Corcovado National Park is open to the public. As of February 1, 2014 all Corcovado visitors must be accompanied by certified guides. During the wet months (July to November), certain parts of the park are closed.

There are two tracks, one coastal and one inland, and four ranger stations in the park where tourists stay overnight; three at the park entrances and one at the intersection of the two tracks. One track runs Northwest to Southeast along the coast to La Leona ecolodge, with the Estación Sirena roughly in the middle. The second track runs inland from Estación Sirena to Estación Los Patos at the Eastern end of the park.

The coastal track has several rivers that must be crossed by fording, but it's risky during high tide or for inexperienced hikers.
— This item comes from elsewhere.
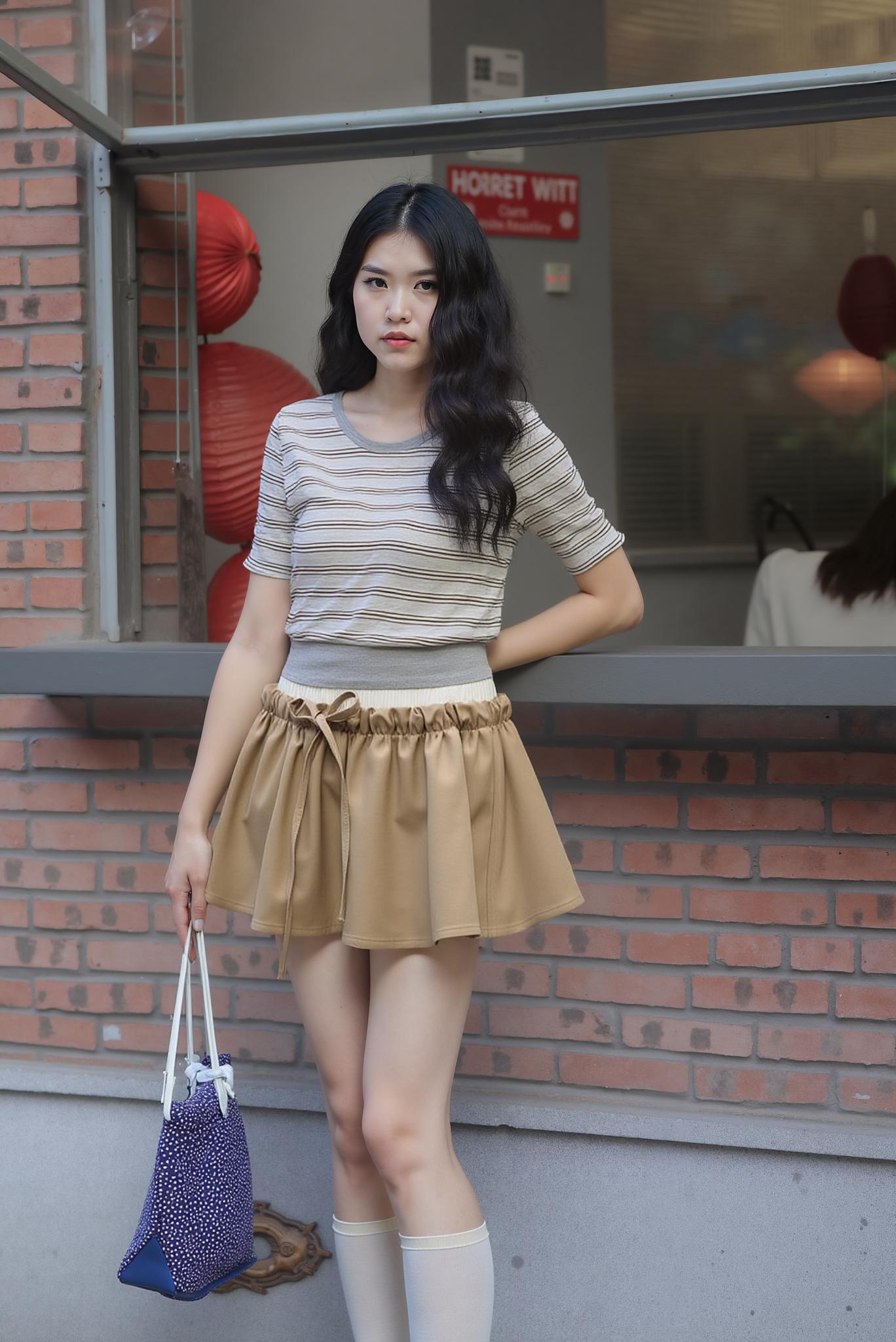A Woman Stands Stylishly Outdoors Next To A Brick Wall Holding A Patterned Bag In A Casual Urban Setting
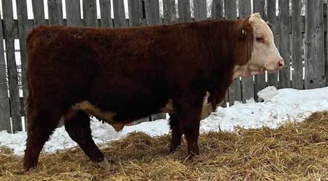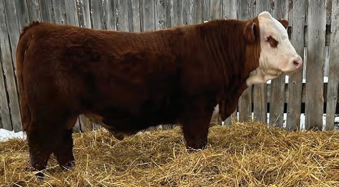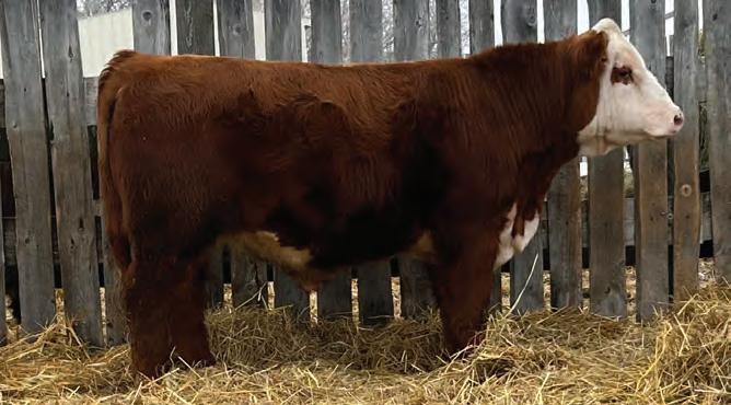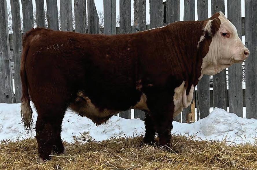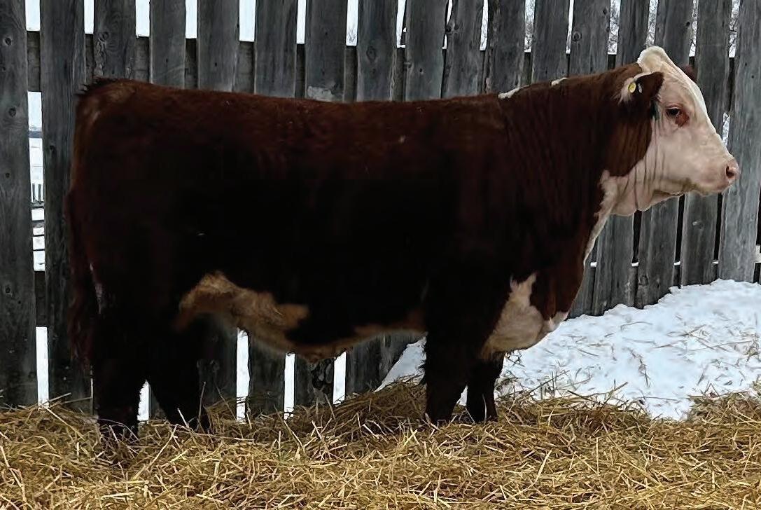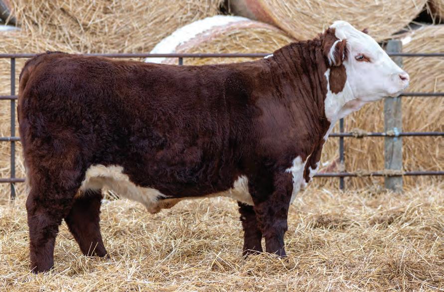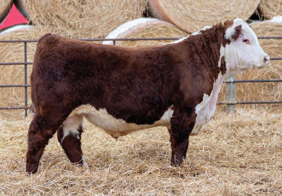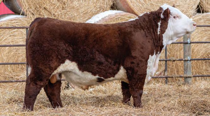 Norwood is a compact, well-marked son sired by our Masterplan herd bull, Keynote. His dam, Bounty 219G, is an exceptional Blueprint daughter known for her ideal udder; she was a standout at the 2021 Medonite Sale and our top selection. Norwood carries outstanding genetics from Doug and Wanda Mann’s Phantom Creek Polled Hereford program.

Rio Sirena is commonly regarded as the most dangerous of crossings, primarily because it flows directly into the massive Laguna Corcovado in the isolated heart of the park. Bull sharks are present at the river mouth during high tide. American crocodiles are also present within the river. Spectacled caiman are present further up river and within Laguna Corcovado in larger numbers. The Rio Claro, which is approximately 40 minutes south of Rio Sirena, is said to be safer. Small American crocodiles and spectacled caiman are also present within the Rio Claro. The Rio Madrigal, north of the park entrance, is smaller and may be home to spectacled caiman.